The result from Theorem 1.2 still holds if we allow the critical order \(\ell _b\) from (B3) to be equal to 1 for some b, as long as \(\ell _{\max } > 1\). To see this, note that in the proof of Theorem 1.2 condition (B3) only plays a role in proving that \(\frac{d\mu _{{\mathbf {p}}}}{d\lambda } \not \in L^q\) for any \(q > 1\). Here we refer to Lemma 2.4 and the constants \(\tilde{K}\) and \(\tilde{M}\), which are not well defined if \(\ell _{\min } = 1\). In (3.30) however, we use the estimates from Lemma 2.4 only for one arbitrary fixed \(b \in \Sigma _B\). By the same reasoning as in the proof of Lemma 2.4 it follows that

$$\begin{aligned} \left( \Big (\frac{K_b}{\ell _b}\Big )^{\frac{1}{\ell _b-1}} |x-c| \right) ^{\ell _b^n} \le |T_b^n(x)-c| \le \left( \Big (\frac{M_b}{\ell _b}\Big )^{\frac{1}{\ell _b-1}} |x-c|\right) ^{\ell _b^n}. \end{aligned}$$
(3.32)

for any \(b \in \Sigma _B\) with \(\ell _b>1\). Hence, if there exists at least one \(b \in \Sigma _B\) with \(\ell _b>1\), then we can replace the bounds obtained from Lemma 2.4 in (3.30) and (3.31) by constants \(K_1 = M_g M_b^k (\frac{K_b}{\ell _b})^{(\ell _b^k r_g - 1)/(\ell _b-1)}\) and \(K_2 = \frac{K_g}{r_g}(\frac{M_b}{\ell _b})^{\ell _b r_g /(\ell _b-1)}\) and obtain the same result. In case \(\ell _{\max } = 1\), then most parts from Theorem 1.2 still remain valid with the exception that then we can only say that \(\frac{d\mu _{{\mathbf {p}}}}{d\lambda } \not \in L^q\) if \(q \ge \frac{r_{\max }}{r_{\max }-1}\). This follows from the above reasoning by taking \(k=0\) in the definition of \(\tau \) in the proof of Theorem 1.2 and by noting that \(\tau = (1-r_{\max }^{-1})q \ge 1\) if \(q \ge \frac{r_{\max }}{r_{\max }-1}\).

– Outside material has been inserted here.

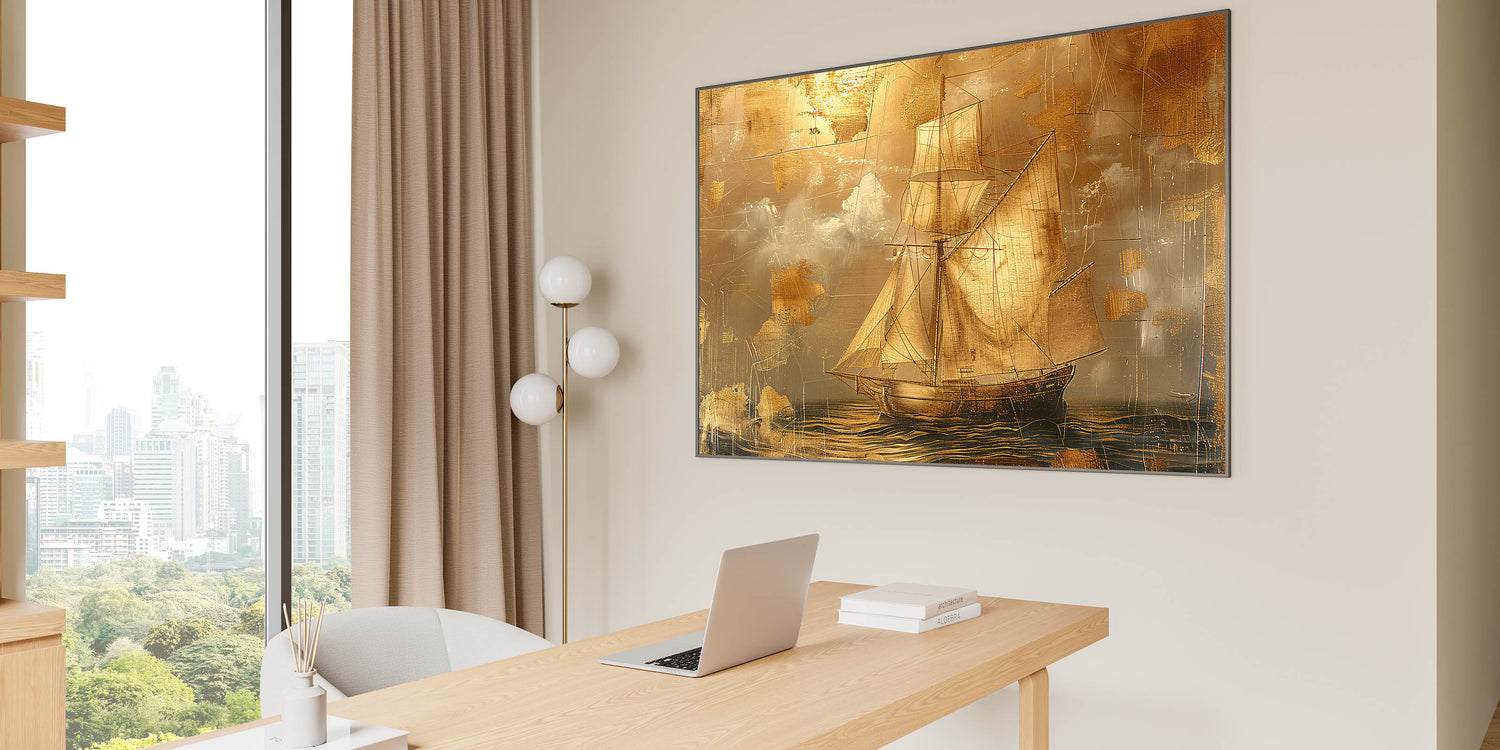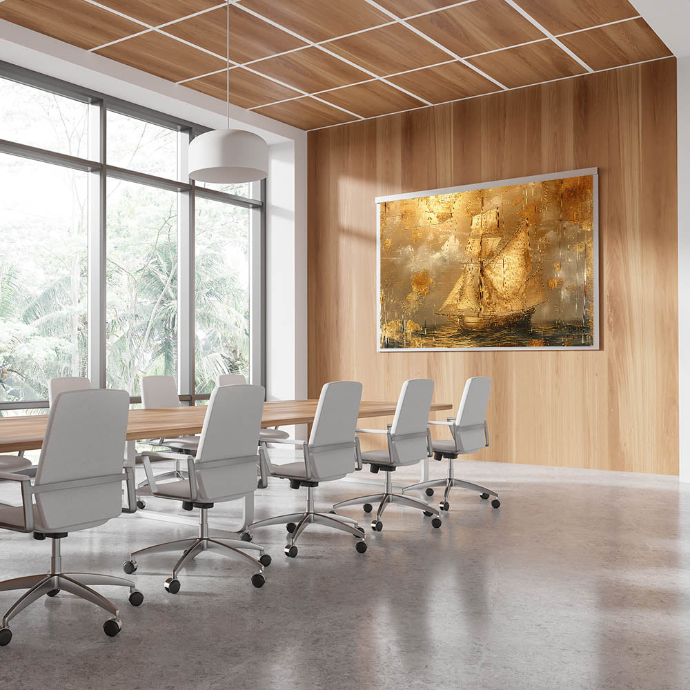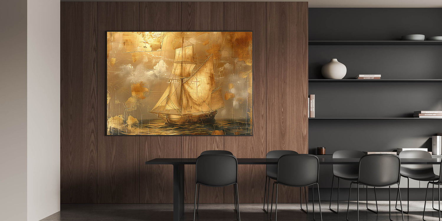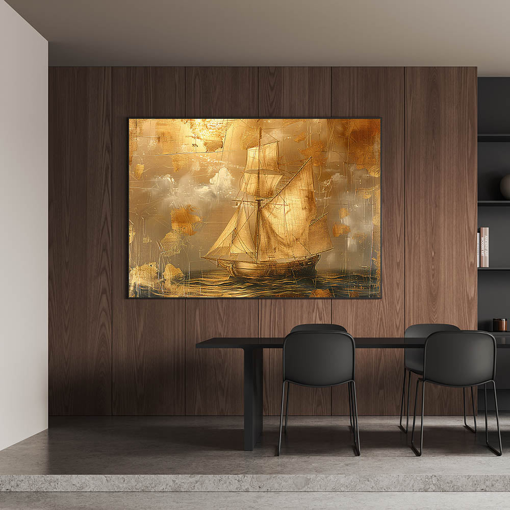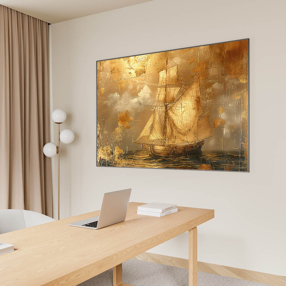 Bring timeless elegance to your workspace with this Office Wall Art, featuring a luxurious golden sailboat set against a textured metallic backdrop. The intricate details of the ship’s sails and shimmering golden hues create a striking visual statement, making it an ideal choice for Modern Office Art. This sophisticated artwork enhances Corporate Wall Decor, adding a touch of refinement and grandeur to executive offices, meeting rooms, or reception areas.

4 Estimates on the acs Measure

In this section we prove Theorem 1.3. Recall the definition of \(\theta \) from Theorem 1.3:

$$\begin{aligned} \theta = \sum _{b \in \Sigma _B} p_b \ell _b.\end{aligned}$$

4.1 The case \(\theta \ge 1\)

To prove one direction of Theorem 1.3, namely that the unique acs measure \(\mu \) from Theorem 1.2 is infinite if \(\theta \ge 1\), we introduce another induced transformation.

Proposition 4.1

Suppose \(\theta \ge 1\). Then the unique acs measure \(\mu \) from Theorem 1.2 is infinite.

Proof

Fix a \(b \in \Sigma _B\). Recall the definitions of \(\tilde{M}\) from Lemma 2.4 and \(\delta \) from in and below the proof of Lemma 2.4, and set \(\gamma = \min \{\delta ,\frac{1}{2}\tilde{M}^{-1}\}\). Let \(a \in [c-\gamma ,c)\). Then there exists a \(\xi \in (a,c)\) such that \(T_b(a) > \xi \) and \(T_b^2(a) > \xi \). Take \([bb] \times (a, \xi )\) as the inducing domain and let

$$\begin{aligned} \kappa (\omega ,x) = \inf \{k \in \mathbb {N}: F^k(\omega ,x) \in [bb] \times (a,\xi )\} \end{aligned}$$
(4.1)

be the first return time to \([bb] \times (a,\xi )\) under F. If \({\mathbb {P}} \times \mu ([bb] \times (a,\xi ))=\infty \), there is nothing left to prove. If not, then we compute \(\int _{[bb] \times (a, \xi )} \kappa \, d\mathbb {P} \times \mu \) and use Kac’s Formula from Lemma 2.3 to prove the result.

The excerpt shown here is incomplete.